Insight into the Interactome of Intramitochondrial PKA Using Biotinylation-Proximity Labeling

• Published in: International journal of molecular sciences Vol. 21; no. 21; p. 8283
• Main Authors: Ould Amer, Yasmine, Hebert-Chatelain, Etienne
• Format: Journal Article
• Language: English
• Published: Switzerland MDPI 05.11.2020; MDPI AG
• Subjects: BioID2; Biotinylation - methods; Cell Respiration - physiology; Cross-Linking Reagents - chemistry; Cyclic AMP-Dependent Protein Kinases - chemistry; Cyclic AMP-Dependent Protein Kinases - metabolism; HEK293 Cells; HeLa Cells; Humans; Immunoprecipitation - methods; Microscopy, Fluorescence; mitochondria; Mitochondria - chemistry; Mitochondria - metabolism; Mitochondrial Proteins - chemistry; Mitochondrial Proteins - metabolism; Protein Binding; Protein Interaction Mapping - methods; protein kinase A; Protein Processing, Post-Translational; proteomics; serine/threonine phosphoprediction; Signal Transduction; Staining and Labeling - methods; TIM44; TIM44; serine/threonine phosphoprediction; BioID2; proteomics; protein kinase A; mitochondria
• ISSN: 1422-0067; 1661-6596; 1422-0067
• DOI: 10.3390/ijms21218283

Mitochondria are fully integrated in cell signaling. Reversible phosphorylation is involved in adjusting mitochondrial physiology to the cellular needs. Protein kinase A (PKA) phosphorylates several substrates present at the external surface of mitochondria to maintain cellular homeostasis.

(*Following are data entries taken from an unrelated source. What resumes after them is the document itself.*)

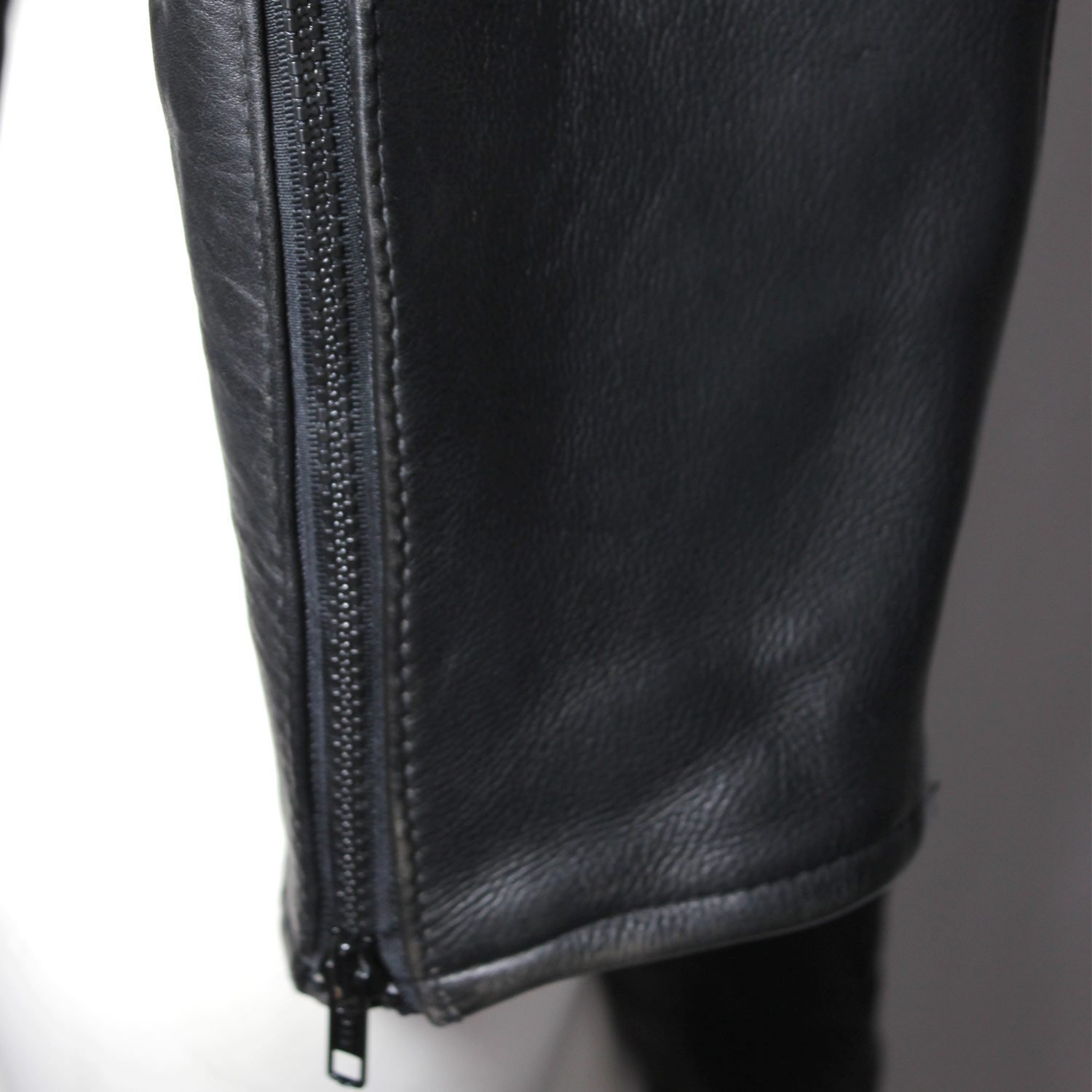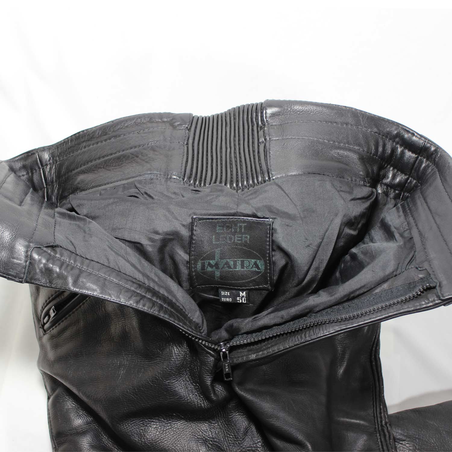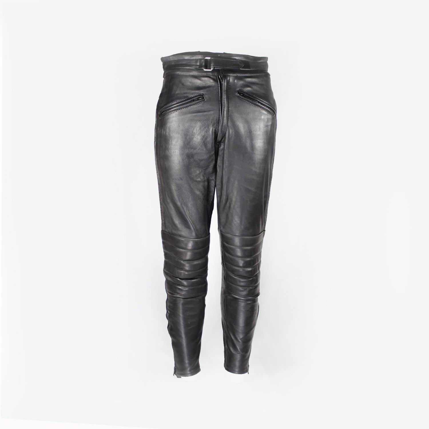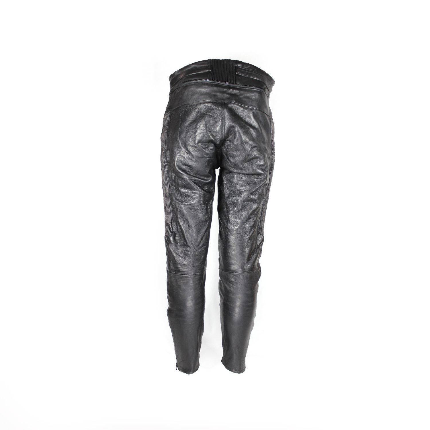 Vintage Café-racer pants in black leather is in good condition with minor wear. It features a stretch fit for comfort, soft knee padding, two pockets, and a short connecting zipper for riding jackets.
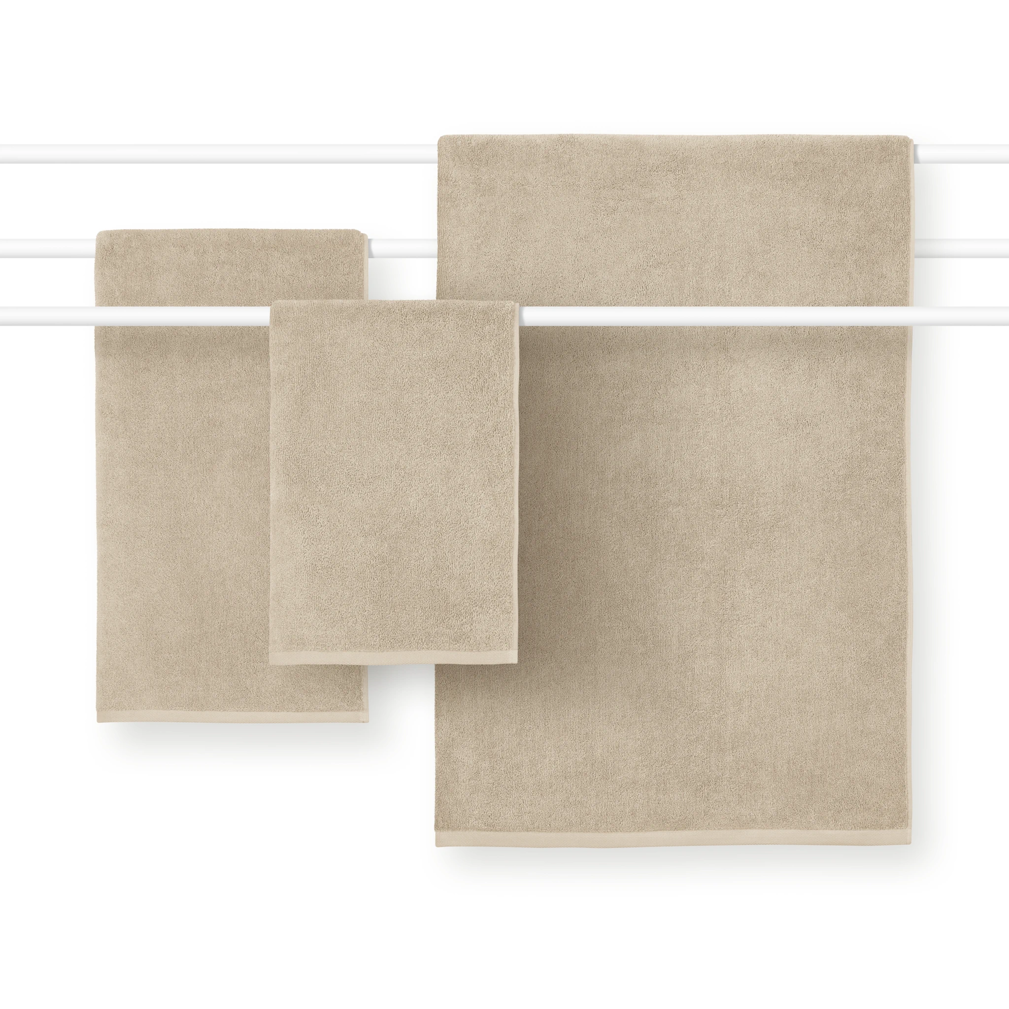 Sand ist ein warmer, heller Beigeton, der Ihrem Badezimmer eine harmonische, beruhigende Atmosphäre verleiht. Das weiche Frottier bietet luxuriösen Komfort, hervorragende Saugkraft und sorgt für ein gemütliches Gefühl nach jeder Dusche oder Badewanne.
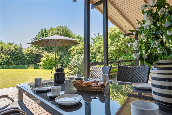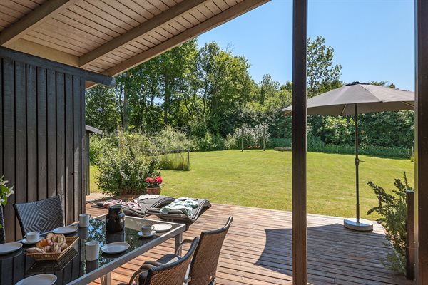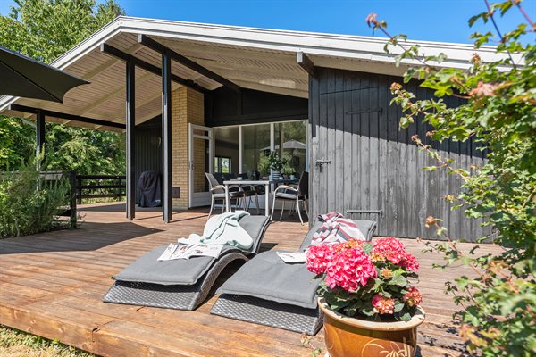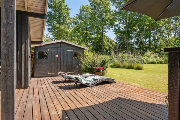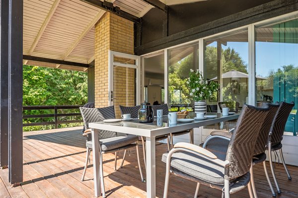 Til huset hører flere gode terrasseområder, og på grunden er der god plads til udendørs aktiviteter.

However, few targets of PKA located inside the organelle are known. The aim of this work was to characterize the impact and the interactome of PKA located inside mitochondria. Our results show that the overexpression of intramitochondrial PKA decreases cellular respiration and increases superoxide levels. Using proximity-dependent biotinylation, followed by LC-MS/MS analysis and in silico phospho-site prediction, we identified 21 mitochondrial proteins potentially targeted by PKA. We confirmed the interaction of PKA with TIM44 using coimmunoprecipitation and observed that TIM44-S80 is a key residue for the interaction between the protein and the kinase. These findings provide insights into the interactome of intramitochondrial PKA and suggest new potential mechanisms in the regulation of mitochondrial functions.